Sunday, January 25, 2009

I am looking for network news I can watch -- without screaming. I've given up on my old employer NBC. Way too 'local' and foolish. There's the Lehrer Report, I know, but I don't get a good PBS signal in Mariposa... and I don't need the depth. I already do a lot of reading and don't need the nice folks at PBS to rehears what I've already heard. I want to participate in mass culture. See what my fellows are seeing. Does anyone have a favorite they can defend?

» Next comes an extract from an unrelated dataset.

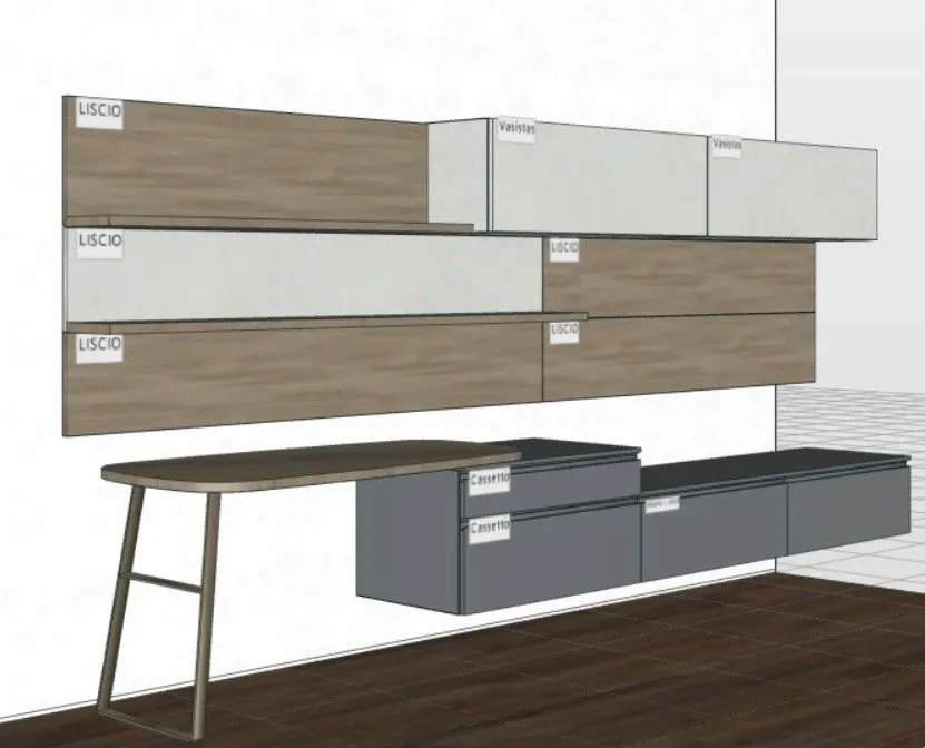 Il modello Composizione 30 in foto ha una larghezza che va da 351 a 400 cm, risultando quindi ideale per locali di svariate dimensioni.

Saturday, January 24, 2009

Party w/o a Soul

I got a live call from the DNCC, fund hustling arm of Dems in Congress. Told the nice lady that I didn't trust them and was giving money only to Act Blue. She said, 'oh, then you're in the Progressive Wing of the Party.' Well, I guess I am, I said. She wanted to explain why sometimes they had to run a Blue Dog to win, and I said I understood, but that they weren't going to do with my ten bucks. No hard feelings.

We need a new plane crash

US Air 1549 ditched in the Hudson on Jan 15. That is, as we speak, ten days ago and has become the Story That Won't Go Away. On Crash Day NBC gave the story the entire first segment, eleven minutes. Seemed excessive then, and it was just the beginning. Today they had voice over of the bird-struck engine being lifted out of the water, and full package treatment for Hero Captain Sully being welcomed home in Danville. I've marked the day, Jan 15, 2010 in my calendar so to watch for the one-year-later, where-are-they-now stories, and I now believe the networks will cover the birth of children to survivors.

The Wars in Afghanistan and Iraq, on the other hand, haven't been covered for days.

On the problem of determining sanity

Charlie Smith was the over-night assistant city editor at the Sun-Times in Chicago when I worked there.... you know, a while back. Charlie came in just after midnight and baby sat Chicago until the next morning, mostly with darn little to do. It was a just-in-case kind of slot. There was a single desk assistant too, sometimes me, to go to the library and make beat calls and that. Not much happened.

So Charlie read books. He bought them used and went through several every week.

One night he called my attention to the book he was reading and pointed out that a previous reader had underlined every line -- every single line on every page -- with a ruler and pencil. I admired. And Charlie told me that he had concluded that the person was insane. I agreed. Charlie was a wise man, and my boss.

A little later I noticed across the desk that Charlie was erasing the underlines, all of them.